What the task asks:
In the data below, the copy begins at the line containing "Statement teardrop studs" and runs through the last line; repeat those lines exactly, minus the pictures.

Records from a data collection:
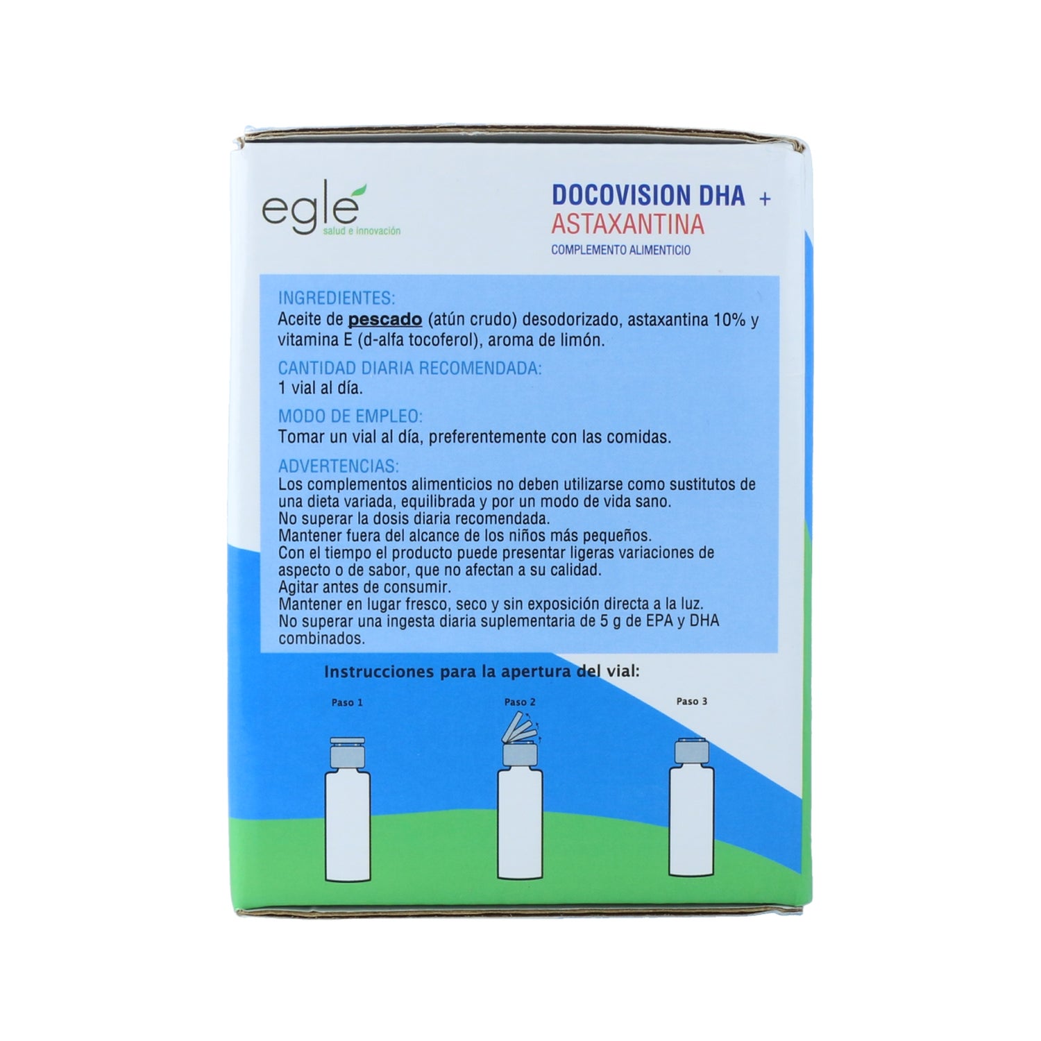 Composition : Par 1 capsule : Huile de poisson désodorisée (thon) 1333 mg, DHA en tant que TG (acide docosahexaénoïque) 1000 mg, EPA en tant que TG (acide iecosapentaénoïque) 66,6 mg, Astaxanthine.2 mg, Vitamine E.6,7 mg alpha TE.
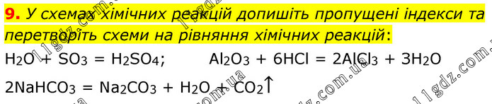У схемах хімічних реакцій допишіть пропущені індекси та перетворіть схеми на рівняння хімічних реакцій: Н2O + SO3 = Н2SO4; Аl2O3 + 6НСl = 2АlСl3 + ЗН2O 2NаНСO3 = Na2CO3 + Н2O + СO2↑
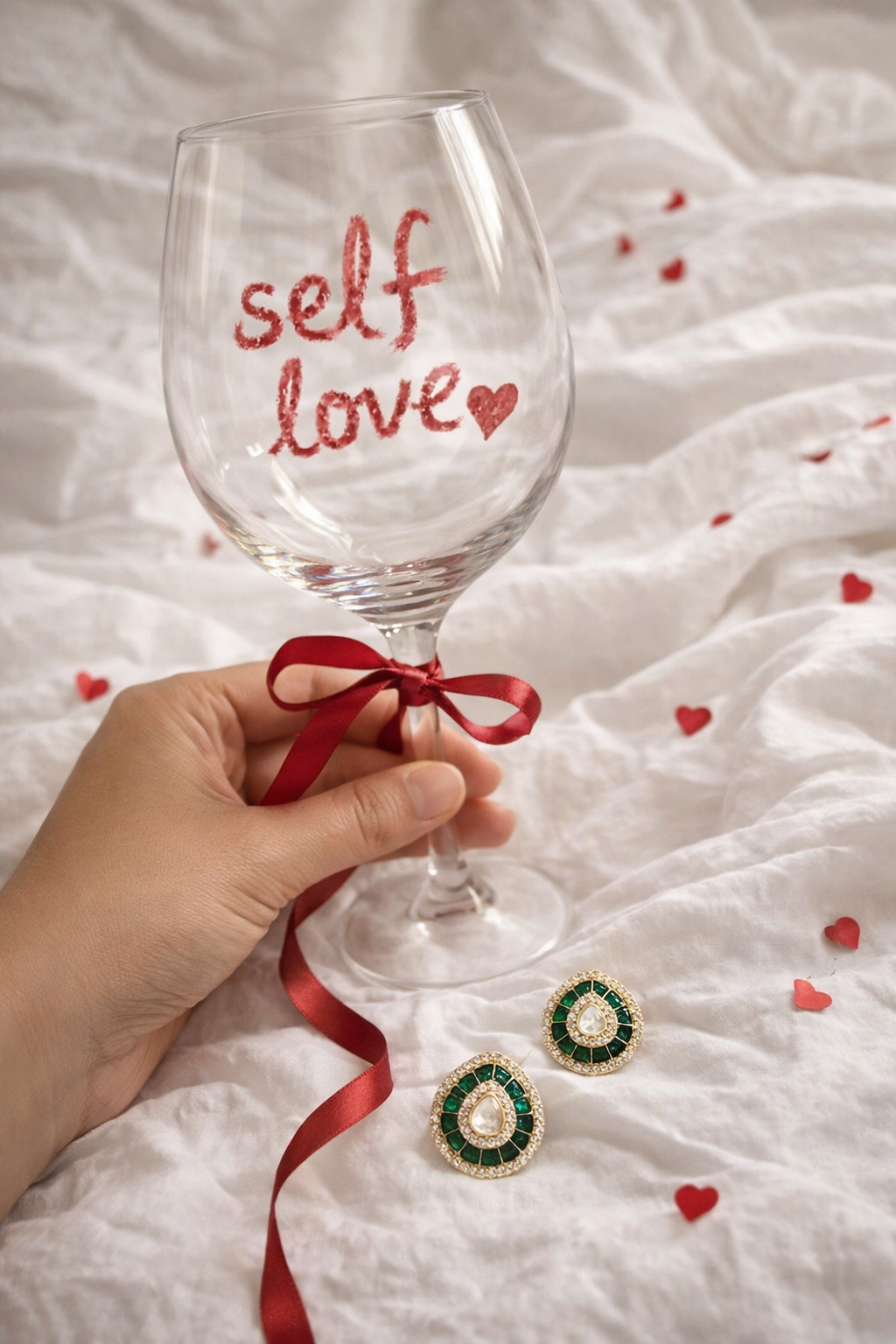 Statement teardrop studs crafted with a radiant pear-cut Kundan Polki center and a double halo of emerald-toned and zircon stones. A bold yet graceful piece designed to elevate any look.
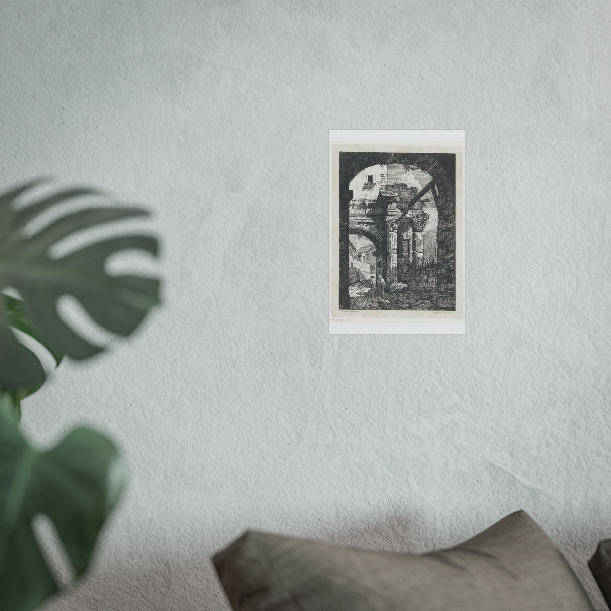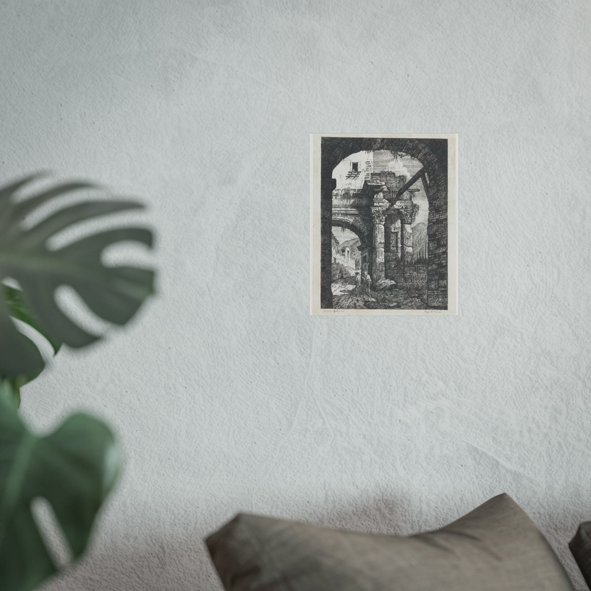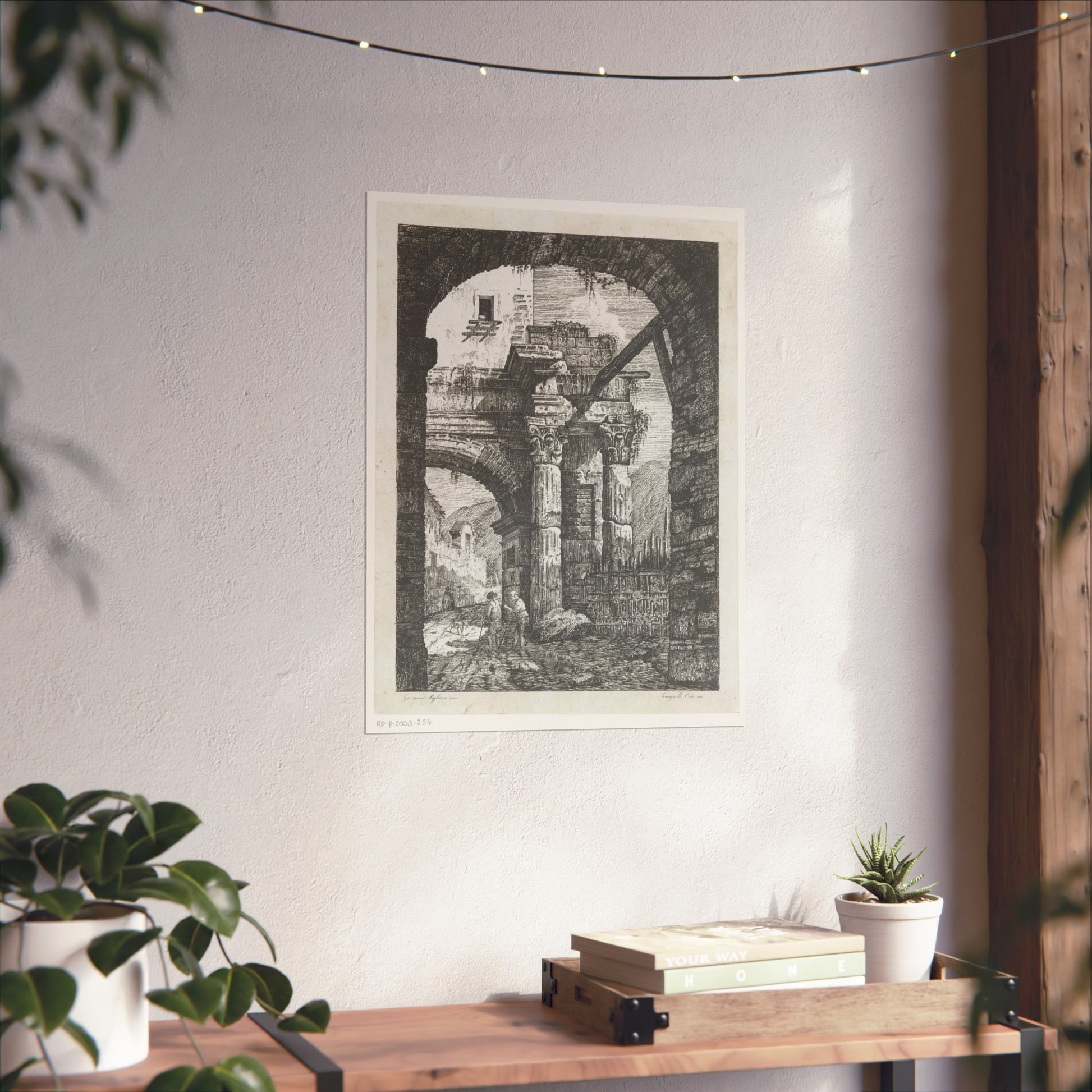 Witness the captivating image of an ancient ruin featuring Corinthian columns. A path meandering beneath the majestic gate hosts two wanderers accompanied by their loyal dogs. The backdrop showcases a rugged mountainous landscape, adding to the scene's depth and allure. Framing this captivating vista is another gate in the foreground, adding a unique layer to the composition.
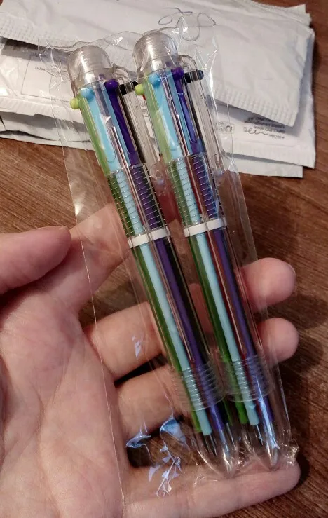 Некоторые цвета не совпадают с цветом стержня - голубого нет, вместо него классический - обычный темно-синий. По другим так же, туда-сюда. У двух из пяти ручек есть стержни, которые не выдвигаютсч до конца, застревают. В общем, качество так себе, второй раз покупать бы не стал.

Result below:
 Statement teardrop studs crafted with a radiant pear-cut Kundan Polki center and a double halo of emerald-toned and zircon stones. A bold yet graceful piece designed to elevate any look.
 Witness the captivating image of an ancient ruin featuring Corinthian columns. A path meandering beneath the majestic gate hosts two wanderers accompanied by their loyal dogs. The backdrop showcases a rugged mountainous landscape, adding to the scene's depth and allure. Framing this captivating vista is another gate in the foreground, adding a unique layer to the composition.
 Некоторые цвета не совпадают с цветом стержня - голубого нет, вместо него классический - обычный темно-синий. По другим так же, туда-сюда. У двух из пяти ручек есть стержни, которые не выдвигаютсч до конца, застревают. В общем, качество так себе, второй раз покупать бы не стал.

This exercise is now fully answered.